Da drängt sich die Frage auf: Wieso kommen Bewerber und Betrieb nicht zusammen? „Vor allem kleine Betriebe, die man bei ,Google’ nicht findet, haben es schwer, viele bekommen keine einzige Bewerbung“, berichtet Andrea Demler. Ihr Haus hat ein neues Veranstaltungsformat eingerichtet, bei dem bislang erfolglose Bewerber auf kleine Firmen treffen, die dringend suchen. Bedingung: Es wird nicht in die Unterlagen geschaut, sondern man lernt sich erst mal kennen. „Dieses Zusammenbringen ist aufwendig, aber lohnt sich“, berichtet Andrea Demler. Nach drei Veranstaltungen kamen 30 Ausbildungsverträge zusammen. „Junge Menschen haben viele persönliche Stärken, sind im Gespräch viel überzeugender, als es ein Bewerbungsschreiben je vermitteln könnte.“
2. Die Zahlen werden wieder besser, sind aber noch nicht auf Vor-Corona-Niveau
Bei der Industrie- und Handelskammer (IHK) wurden bislang 1857 Lehrverträge unterzeichnet, das ist ein sattes Plus von 18,4 Prozent im Vorjahresvergleich. „Die Zahlen sind sehr erfreulich, und die Betriebe sind weiter auf der Suche. In keiner Branche ist das Ende der Fahnenstange erreicht“, sagt Franz Roggemann, Bereichsleiter bei der IHK. Auch das Handwerk meldet mehr abgeschlossene Verträge: Von 5,7 Prozent Zuwachs spricht Wolfgang Dapprich, der Geschäftsführer der Kreishandwerkerschaft. Doch die Zahlen täuschen nicht über zwei Tatsachen hinweg: Vor Corona (2019) gab es 3258 gemeldete Lehrstellen in Essen, jetzt sind immer noch mehr als 60 weniger. Und das alte Problem besteht weiterhin: Nur 18,6 Prozent aller Firmen bilden überhaupt aus. „Dabei dürfen wir keinen Jugendlichen zurücklassen“, betont Dieter Hillebrand, Geschäftsführer des Deutschen Gewerkschaftsbundes (DGB) in Essen.

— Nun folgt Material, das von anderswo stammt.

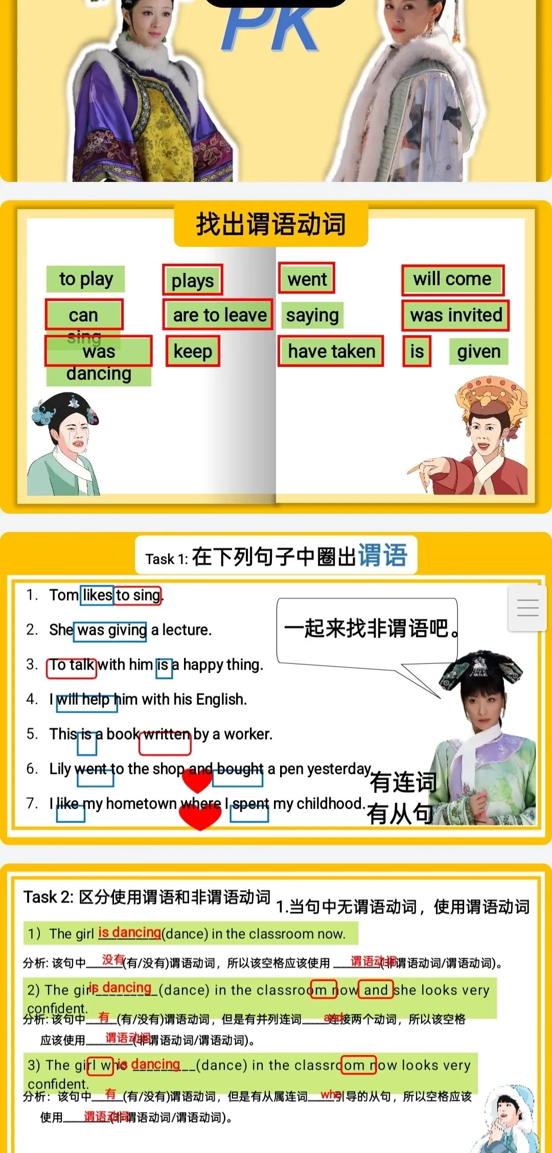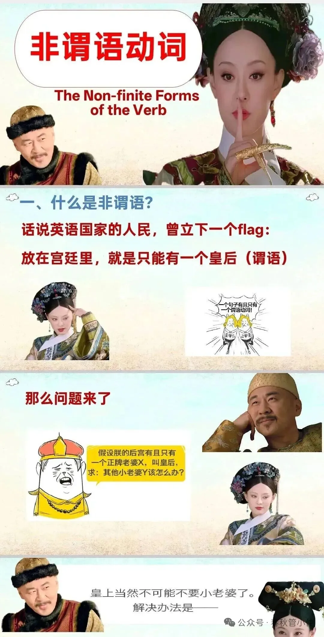 1.非谓语动词。《甄嬛传》与非谓语动词的结合,是近年来英语教学中的一种创新教学方式,通过将非谓语动词的概念与《甄嬛传》中的宫廷关系进行类比,帮助学生更直观地理解非谓语动词的用法和功能。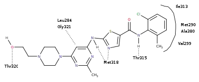 Dasatinib has some structural elements in common with nilotinib, in particular the juxtaposition of the aminopyrimidine and the carboxamide groups. The aminothiazole segment of dasatinib makes a bi-dentate H-bonding interaction with the backbone CO and NH of Met-318 and the amide-NH makes an H-bond with the side chain oxygen of Thr-315.[11]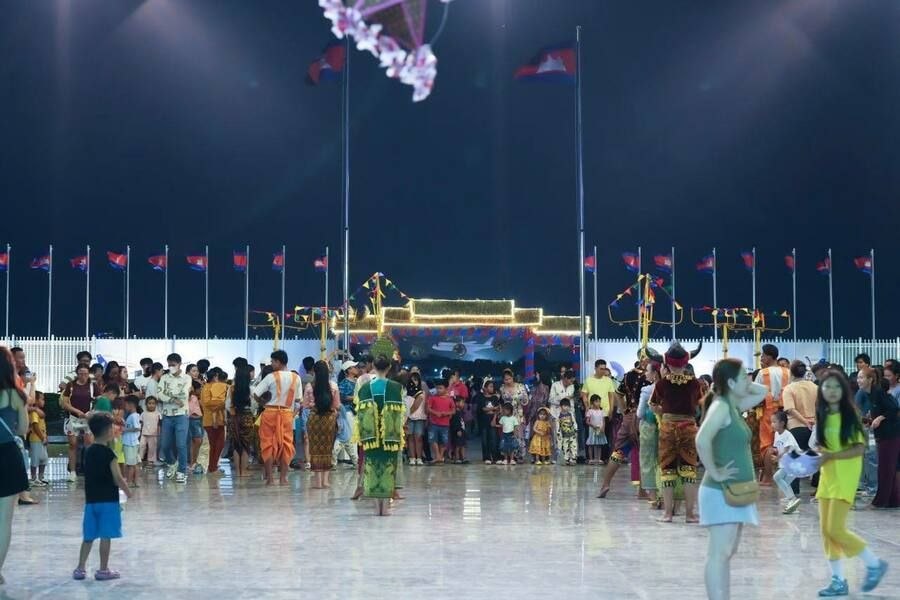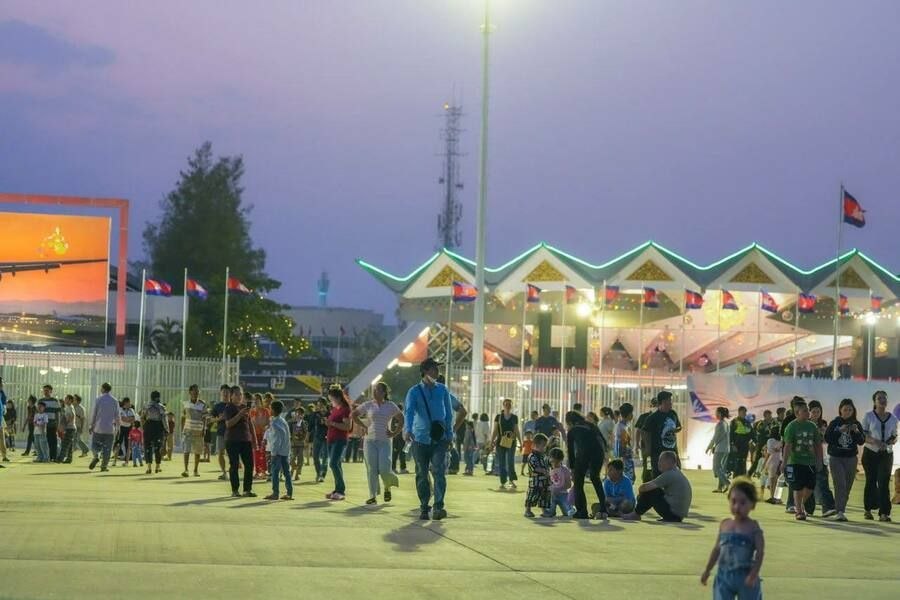 (រាជធានីភ្នំពេញ)៖ នៅថ្ងៃអាទិត្យ ១០រោច ឆ្នាំម្សាញ់ សប្តស័ក ពុទ្ធសករាជ ២៥៦៩ ត្រូវនិងថ្ងៃទី១២ ខែ មេសា ឆ្នាំ២០២៦នេះទិដ្ឋភាពនៅក្នុងបរិវេណសួនសាធារណៈព្រលានយន្តហោះពោធិ៍ចិនតុង ដែលបានរៀបចំតុបតែង និងបើកដំណើរការសាកល្បងថ្ងៃដំបូង ឱ្យបងប្អូនប្រជាពលរដ្ឋចូលលេងកម្សាន្ត នាឱកាសបុណ្យចូលឆ្នាំថ្មីប្រពៃណីជាតិខ្មែរ។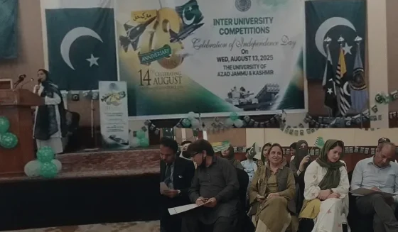 ڈیلی پرل ویو.پاکستان کے جشنِ آزادی کی مناسبت سے آزاد جموں و کشمیر یونیورسٹی کے زیرِاہتمام بین الجامعات انگریزی تقریری مقابلہ مقامی فائیو اسٹار ہوٹل میں منعقد ہوا، جس میں آزاد کشمیر کی تمام جامعات کے طلبہ نے شرکت کی۔…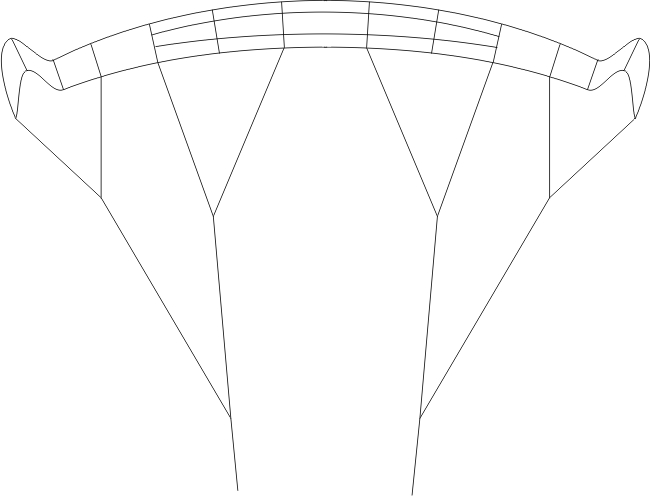 Ширина каждой секции должна уменьшаться пропорционально хорде. То есть в центре хорда больше и секции шире, а на ушах хорда меньше и ширина секций тоже меньше. А в вашем проекте всё наоборот. На ушах ширина секций слишком большая, да ещё и стропление через нервюру. В общем, подождите нормального ветра, там видно будет.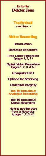 Many in the CCTV Industry would have us believe that analogue recording formats like VHS and Super VHS are only inches away from the scrap heap; and yet these highly effective, modestly priced bits of proven technology, will undoubtedly be around for some years yet. Precisely how long? Being the ever so cautious and pragmatic soul that he is, Doktor Jon not so confidently predicts that analogue tape based Time Lapse video recorders will be in use .... at least till the end of the decade..... ish! Perhaps the only noticeable thing that has changed in the last year or two, is the apparent perception of these machines as a long term investment. With rapidly reducing unit costs, and steadily increasing service charges, whereas previously a recorder could be confidently expected to operate for perhaps seven years, they are now literally regarded as disposable, with a use and replace life of perhaps three years tops. So with all thats been said, and all that we feel, what are the top ten things you must know about Analogue Time Lapse video recorders:- 1) Video recordings must be managed correctly, if they are to stand any chance of being used in a court of law. Keep em logged, and under lock and key! 2) As VHS and S-VHS are universal formats, its not a problem for law enforcement agencies to take and review an Evidential Quality tape.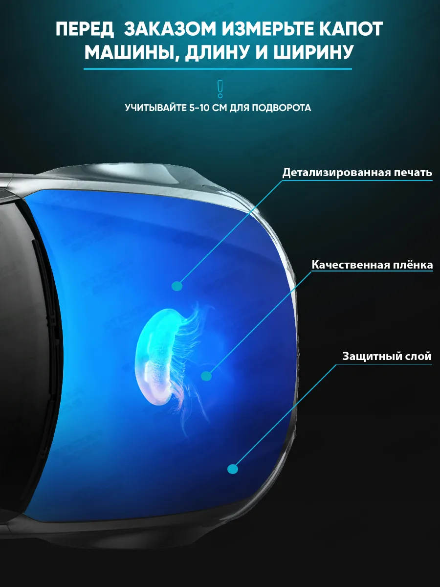 Предлагаем вашему вниманию большую декоративную наклейку на капот вашего авто. Размер стикера универсальный - 155х119 см, подойдет на капоты большинства популярных авто, будь то седан, хэтчбек или универсал. При необходимости можно подрезать лист под нужный размер. При изготовлении этих автонаклеек мы используем высококачественную самоклеящуюся виниловую пленку ПВХ, которая обеспечивает надежное приклеивание к поверхности, устойчива к любому виду моек и агрессивным погодным условиям, не боится пыли и влаги, не выгорает на солнце благодаря дополнительному верхнему слою ламинации. При желании, легко снимается, не оставляя следов. В наличии множество различных вариантов на любой вкус – в коллекции есть принты с надписями, героями известных кинофильмов, динамичные изображения львов, тигров, волков, медведей, леопардов, собак, лошадей, и прочих животных, принты в стиле аниме, флаги России, флаги известных футбольных клубов, горы, города, живописные пейзажи и многое другое. Наклейка позволяет украсить автомобиль и добавить ему стиля и индивидуальности, декорировать под ваши индивидуальные взгляды на дизайн машины. Товар упаковывается в специальную защитную тубу, что позволяет обеспечить его сохранность во время доставки и порадовать наших покупателей яркими красками и высоким качеством наших стикеров. Они так же станут отличным подарком вашим близким на новый год, день рождения, женщинам на 8 марта и мужчинам на 23 февраля. Сделайте повседневную езду на машине ярче, вместе с продукцией бренда Stickerboss!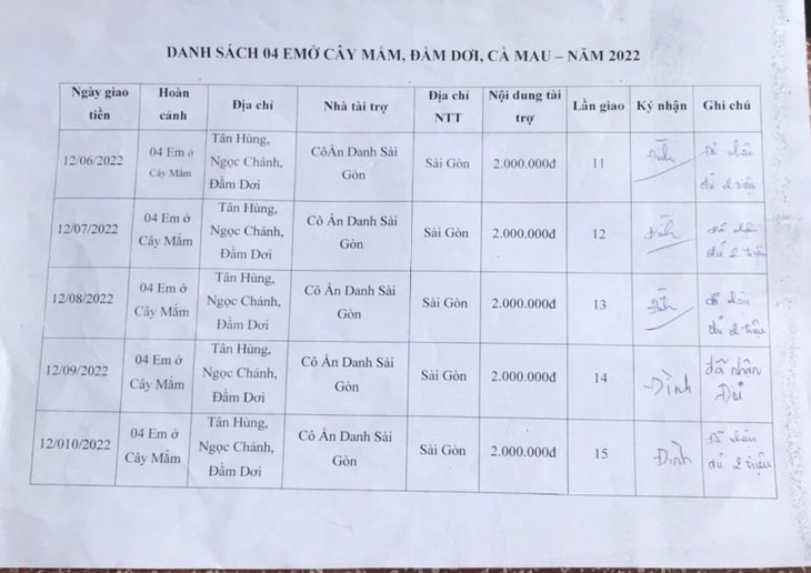12-11-2022, Hội Hoa Đức đã giao số tiền 2.000.000VNĐ của Ân Nhân Ẩn Danh ở Sài Gòn tặng hàng tháng lần 16 cho 04 em ở Cây Mắm, Tân Hùng, Ngọc Chánh, Đầm Dơi, Cà Mau. 04 em này có hoàn cảnh khó khăn, cần giúp tiền lo việc học.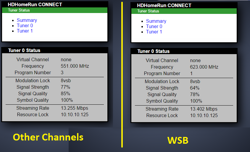 Enclosed, is a snapshot of my typical signal strength. Most Channels appear as the left image but WSB as you pointed out is weaker and on the right. Right now there is zero flutter so my picture is perfect.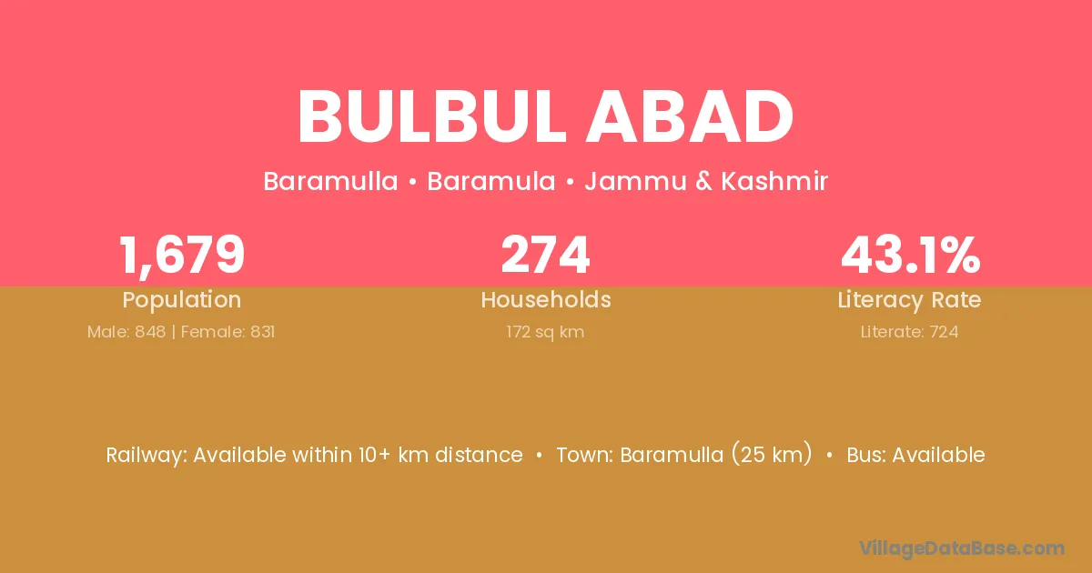 Baramulla (25 km) is the nearest town to Bulbul Abad village for major economic activities and is located approximately 25 km away.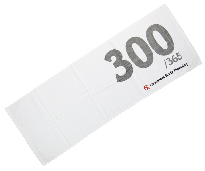 年間300回のワークアウト達成、という思いが込められたタオル。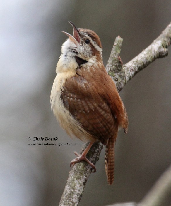 A Carolina wren sings on a branch this spring in New England.

3. Junge Leute verlieren viel Zeit
Das Durchschnittsalter der Lehrlinge bei Ausbildungsbeginn ist – nicht nur in Essen – deutlich über 20. Die alte Vorstellung, dass jemand nach der Realschule mit 16 direkt als Lehrling in einem Betrieb anfängt, ist lange überholt. „Viele drehen unsinnige Schleifen, machen Abi, fangen ein Studium an – und brechen ab“, sagt Thomas Mikoteit, Abteilungsleiter im Job Center Essen. „Viele glauben, ohne Abi und Studium weniger wert zu sein“, ergänzt Handwerks-Chef Wolfgang Dapprich. Dabei weisen alle Beteiligten darauf hin, dass ein gelernter Facharbeiter locker mindestens das gleiche oder mehr verdient als jemand, der sechs Semester studiert und mit dem „Bachelor“ abgeschlossen hat. „Es ist äußerst wichtig, Jugendlichen und Eltern aufzuzeigen, dass eine Ausbildung ein hochwertiger Abschluss ist und bleibt, vor allem ein Abschluss mit großen Perspektiven und guten Verdienstmöglichkeiten“, sagt Andrea Demler.